:: DATA LISTING
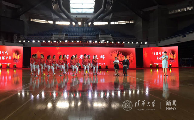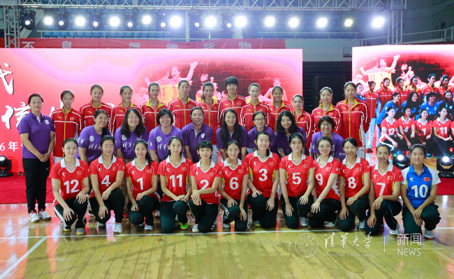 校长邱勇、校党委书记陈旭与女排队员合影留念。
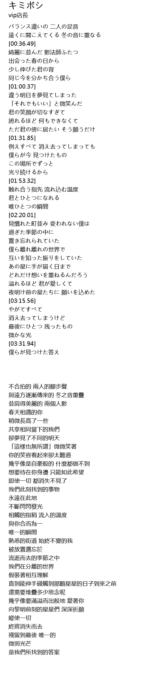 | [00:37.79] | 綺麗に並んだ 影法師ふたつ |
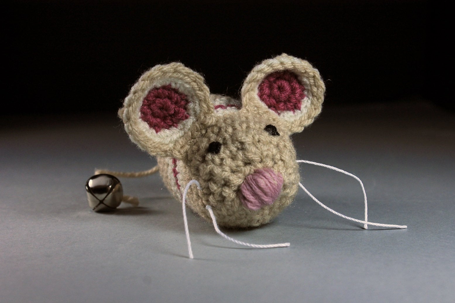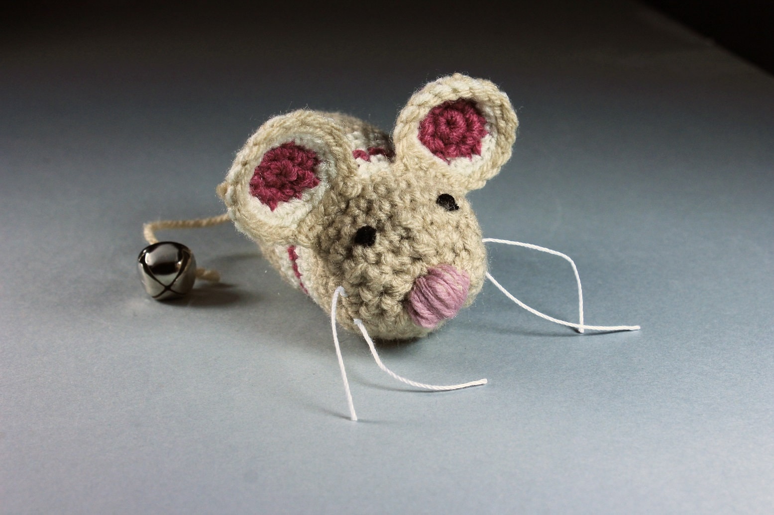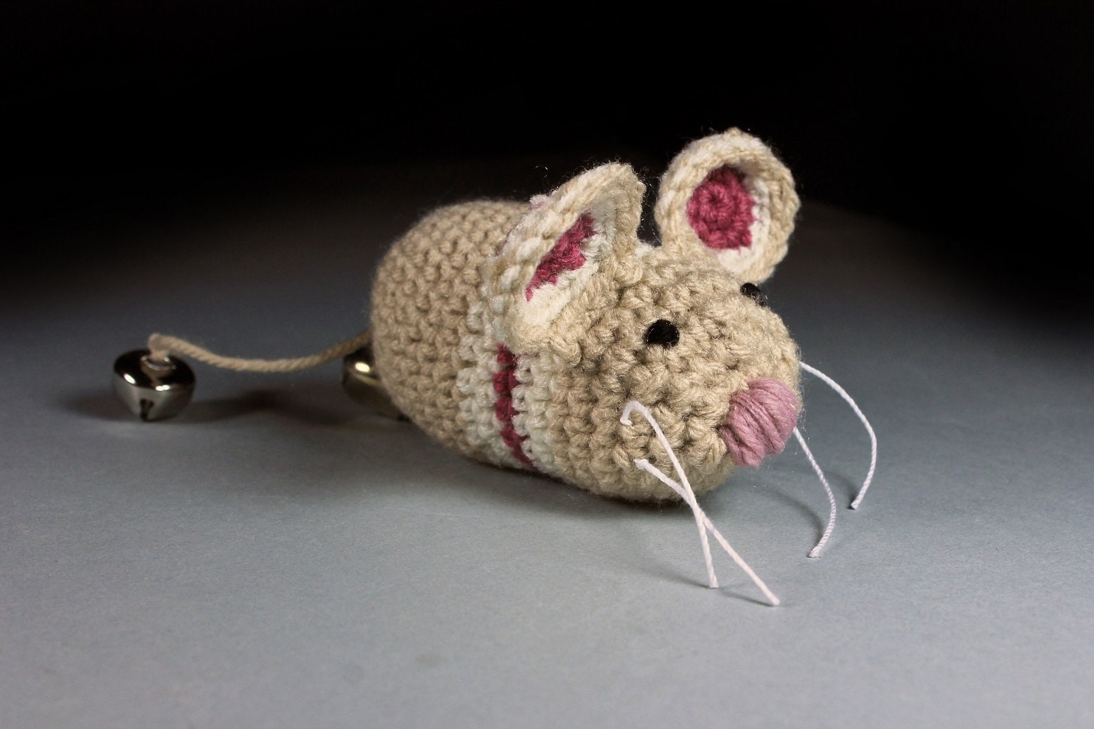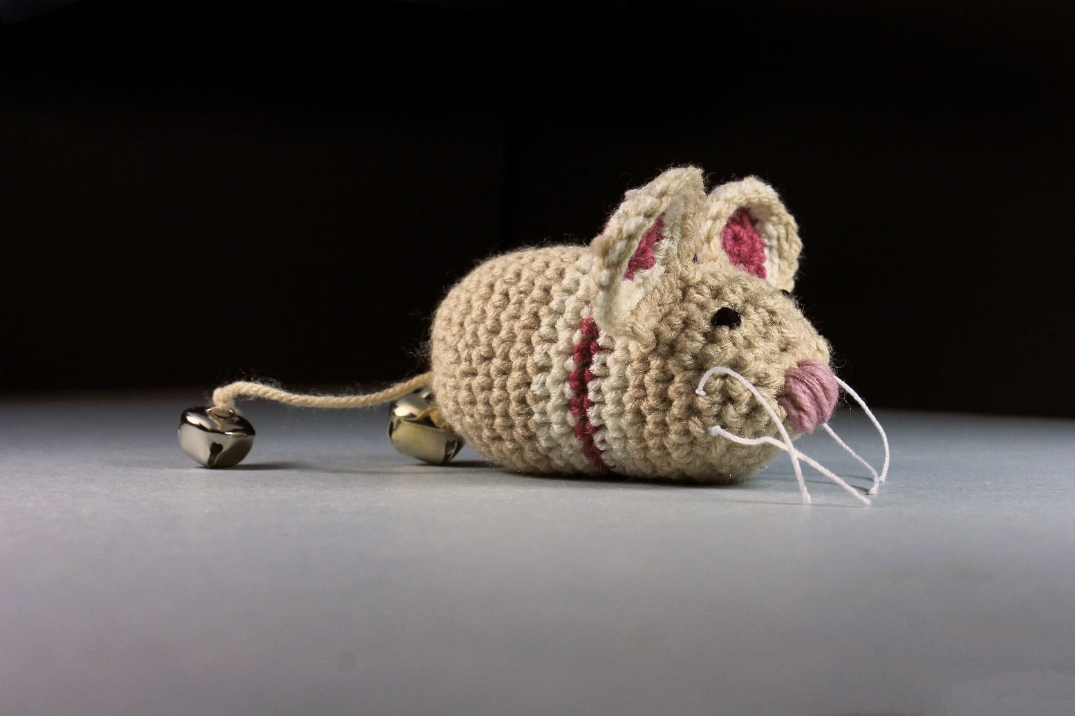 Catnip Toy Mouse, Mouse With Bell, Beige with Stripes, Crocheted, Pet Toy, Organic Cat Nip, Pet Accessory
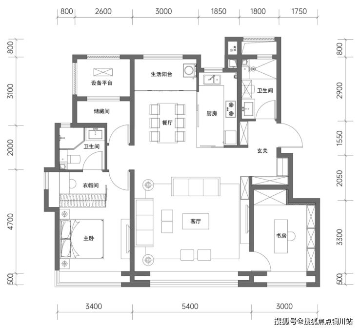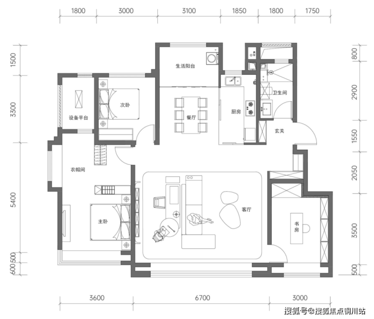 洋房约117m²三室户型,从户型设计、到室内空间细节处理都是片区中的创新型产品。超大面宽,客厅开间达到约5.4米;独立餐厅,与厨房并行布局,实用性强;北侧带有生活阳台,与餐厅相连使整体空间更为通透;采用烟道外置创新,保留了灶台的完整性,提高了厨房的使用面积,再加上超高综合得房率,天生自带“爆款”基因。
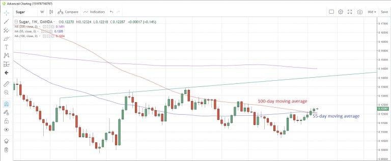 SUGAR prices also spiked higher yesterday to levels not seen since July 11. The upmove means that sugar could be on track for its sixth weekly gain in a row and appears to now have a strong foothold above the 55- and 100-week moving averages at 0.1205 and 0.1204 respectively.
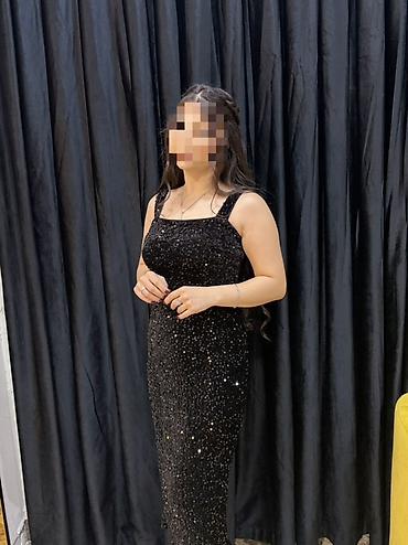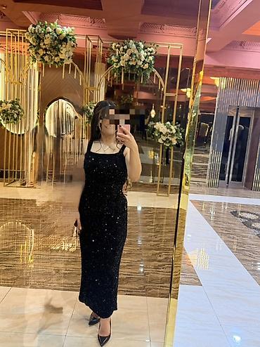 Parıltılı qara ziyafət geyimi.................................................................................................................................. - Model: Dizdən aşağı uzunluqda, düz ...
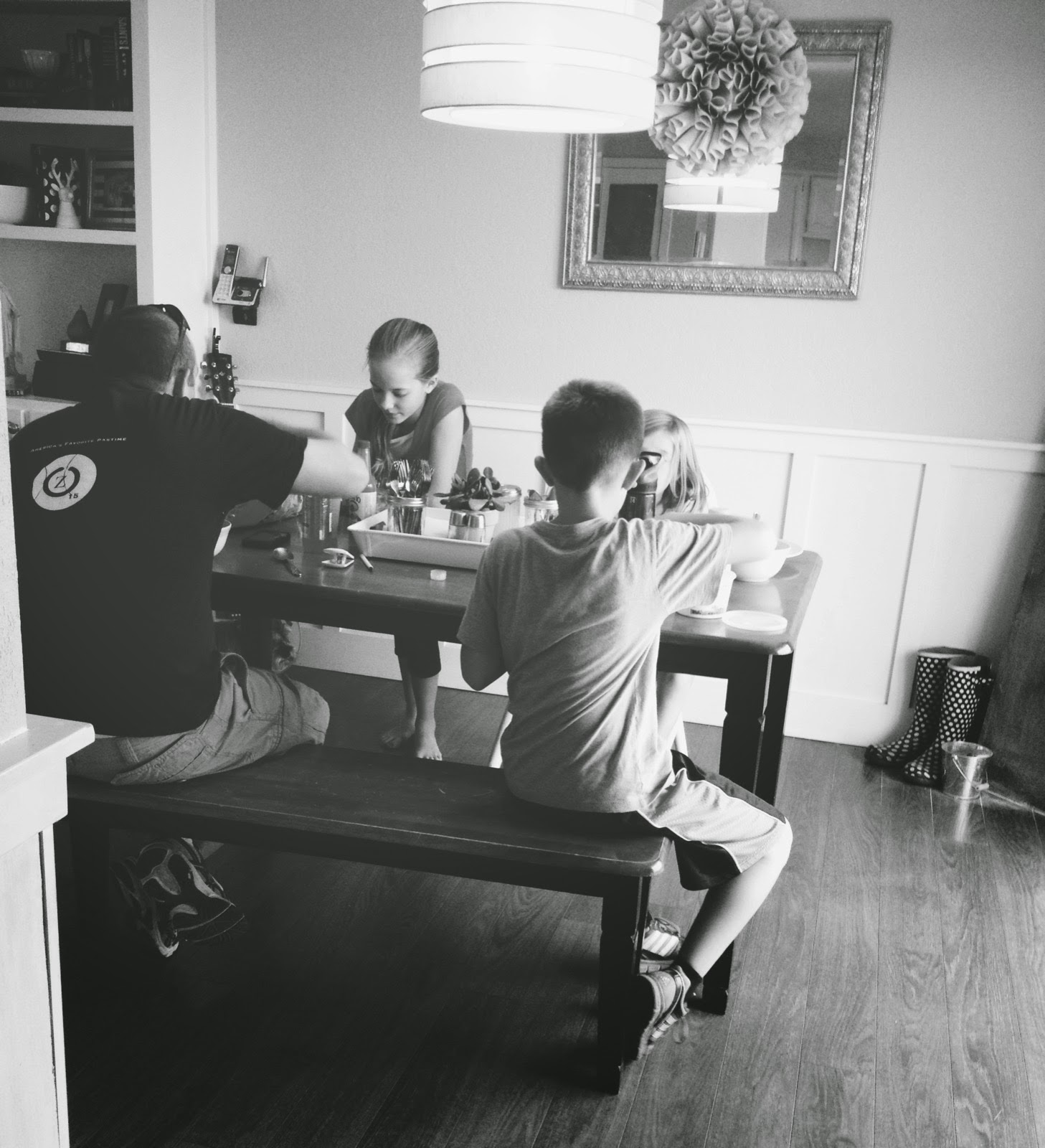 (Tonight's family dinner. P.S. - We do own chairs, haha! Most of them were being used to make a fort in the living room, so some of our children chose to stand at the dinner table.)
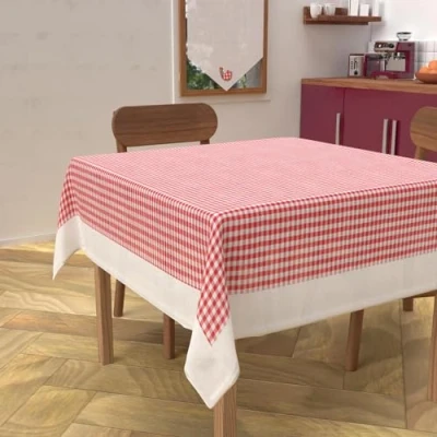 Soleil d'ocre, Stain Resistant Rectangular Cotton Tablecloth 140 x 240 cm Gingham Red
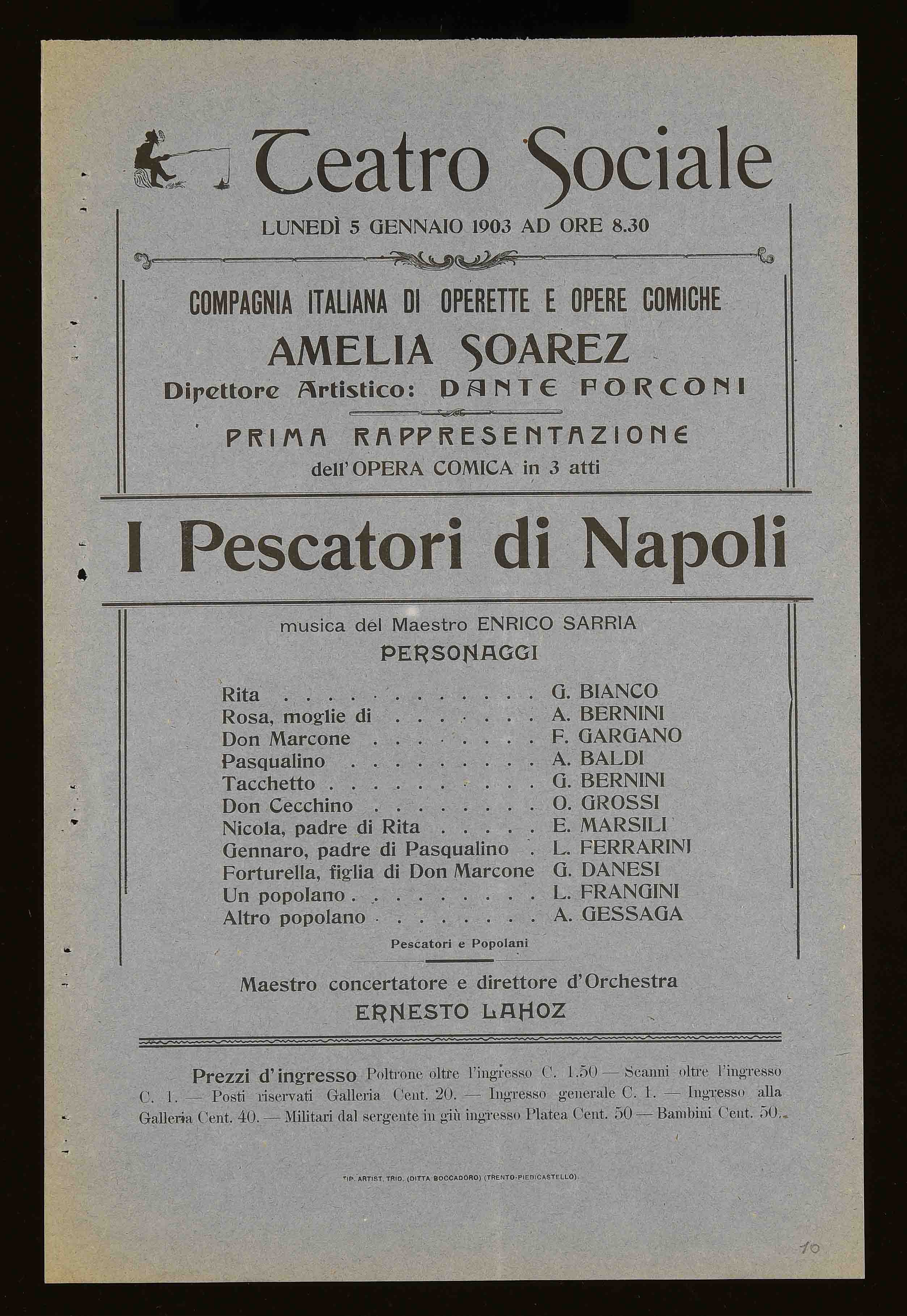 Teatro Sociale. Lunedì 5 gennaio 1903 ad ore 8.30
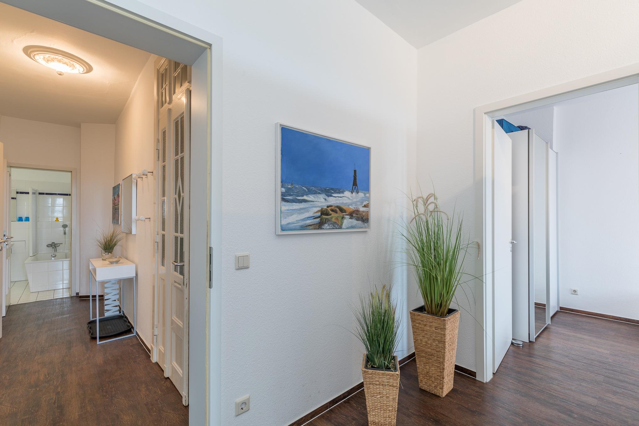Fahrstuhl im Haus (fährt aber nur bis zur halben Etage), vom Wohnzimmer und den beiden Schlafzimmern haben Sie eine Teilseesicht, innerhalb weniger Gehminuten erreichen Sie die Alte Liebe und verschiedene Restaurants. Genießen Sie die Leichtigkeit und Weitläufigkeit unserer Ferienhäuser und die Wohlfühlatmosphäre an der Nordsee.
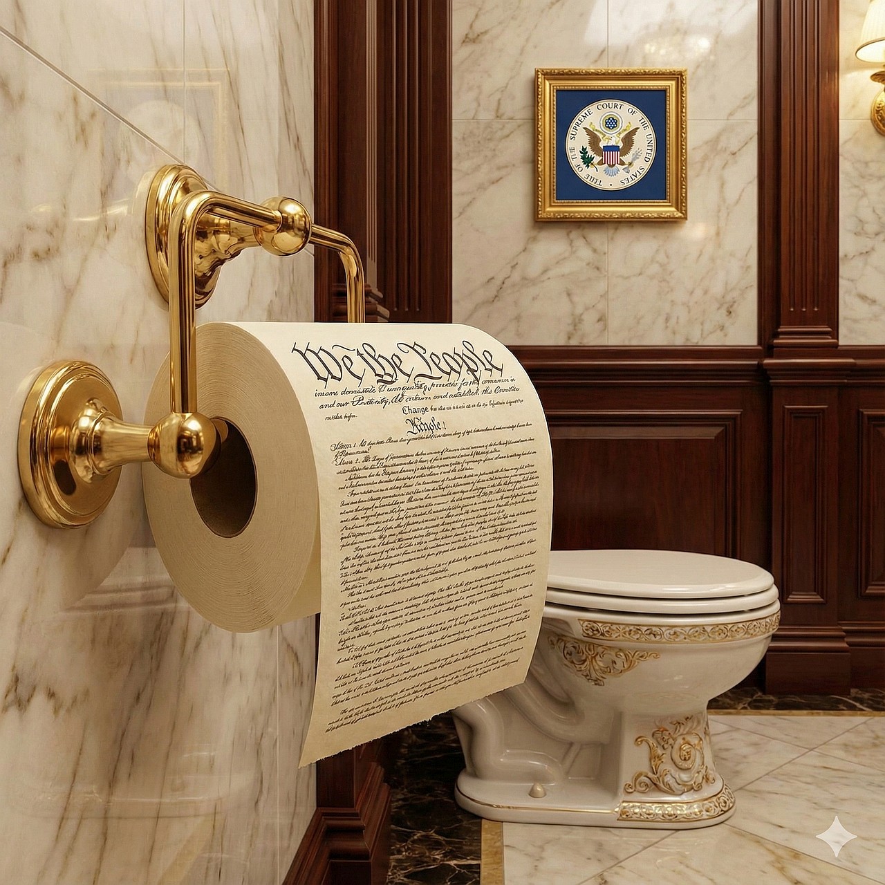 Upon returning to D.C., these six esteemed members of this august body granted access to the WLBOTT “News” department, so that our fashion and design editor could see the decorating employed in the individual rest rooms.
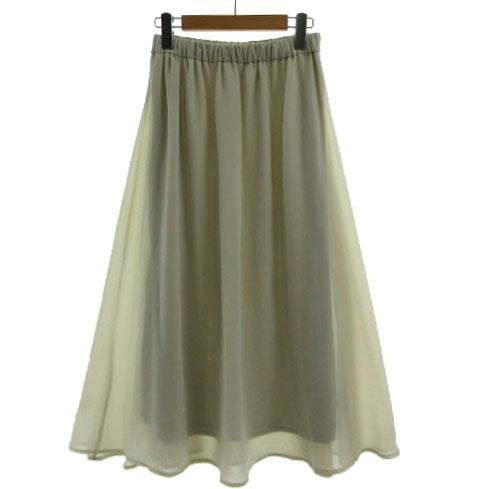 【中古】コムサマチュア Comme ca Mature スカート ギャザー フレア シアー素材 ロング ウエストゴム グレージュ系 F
::::
No picture is to be included when the lines from the one containing "Teatro Sociale. Lunedì" through the end of the material above are output exactly; nothing else is written.

EXPECTED ANSWER >>
 Teatro Sociale. Lunedì 5 gennaio 1903 ad ore 8.30
Fahrstuhl im Haus (fährt aber nur bis zur halben Etage), vom Wohnzimmer und den beiden Schlafzimmern haben Sie eine Teilseesicht, innerhalb weniger Gehminuten erreichen Sie die Alte Liebe und verschiedene Restaurants. Genießen Sie die Leichtigkeit und Weitläufigkeit unserer Ferienhäuser und die Wohlfühlatmosphäre an der Nordsee.
 Upon returning to D.C., these six esteemed members of this august body granted access to the WLBOTT “News” department, so that our fashion and design editor could see the decorating employed in the individual rest rooms.
 【中古】コムサマチュア Comme ca Mature スカート ギャザー フレア シアー素材 ロング ウエストゴム グレージュ系 F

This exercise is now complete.